Killing of intraerythrocytic Plasmodium falciparum by lysosomotropic amino acid esters.

Esters of amino acids are known to penetrate into cells by simple diffusion. Subsequently, they are hydrolyzed by hydrolases to release the parent amino acid. Due to the abundance of hydrolases in phagolysosomes, amino acids accumulate, there because the rate of influx and hydrolysis exceed the rate of amino acid efflux through specific carriers. The osmotic effect of this accumulation results in the disruption of the organelles. This mechanism has been demonstrated to be responsible for the killing of Leishmania amastigotes by amino acid esters. In this investigation, it is shown that all esters tested, including alcohol esters, N-acetyl esters and the esters of some dipeptides, inhibit the growth of Plasmodium falciparum in culture. Inhibition is time-dependent and, in some cases, ring-stage parasites are more sensitive than trophozoites.

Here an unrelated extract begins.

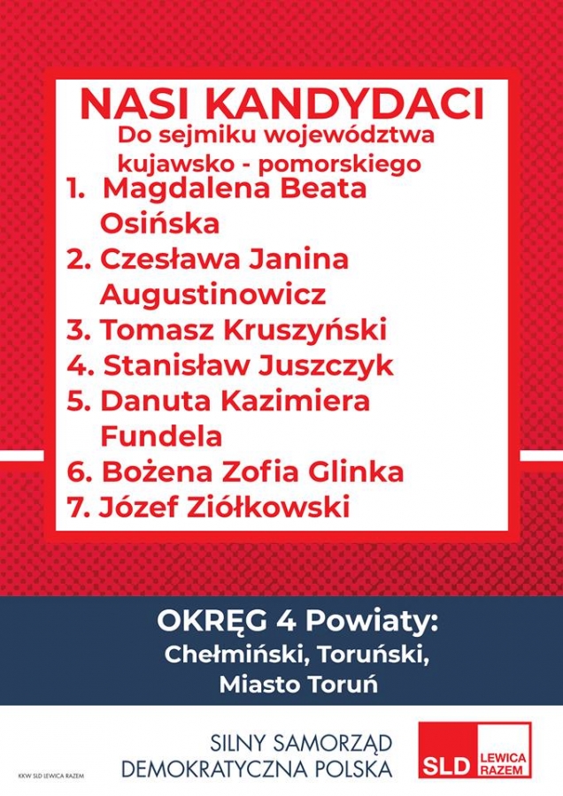 Kandydaci i Kandydatki KKW SLD Lewica Razem do Rady Miasta Torunia
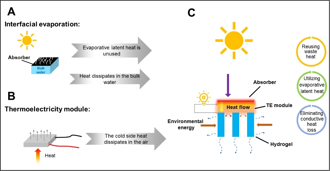 太阳能光热蒸汽技术是一种新兴的净水手段,它利用高效的光热转换材料,将太阳光转换成热能,加速水蒸气的产生,促进水分子与污染物的分离。但是,从太阳能吸收体到水体的传导热损失以及蒸发器表面的结盐问题一直是困扰这一技术向前发展的两大难题。热电材料通过塞贝克效应输出电能,其优异的环境适应性使其可以在不同的条件下工作。然而,为了获得理想的输出性能,热电器件冷端常采用诸如:散热片、辐射制冷器等附件将冷端的废热直接或间接地耗散在周围空气中,导致了能量损失较大。

Similar to the findings with Leishmania, alcohol esters of Glu, Leu, Met, Phe and Trp are more toxic to Plasmodium whereas Ala, Gly, His and Ile are much less noxious. Esters caused the release of acridine orange that selectively accumulates in the phagolysosome-like food vacuole of the parasite, attesting the ostensible destruction of this organelle by osmotic lysis. The toxicity of the N-acetyl esters is probably associated in part to their ability to inhibit cytosolic proteases. Since excess of amino acids can also inhibit proteolysis, the effect of free amino acids on parasite growth was also tested. Of the 19 odd amino acids tested, only three, namely Cys, His and Trp, were found to be toxic to the parasites at millimolar concentrations and the reasons for their possible specific toxicity are discussed.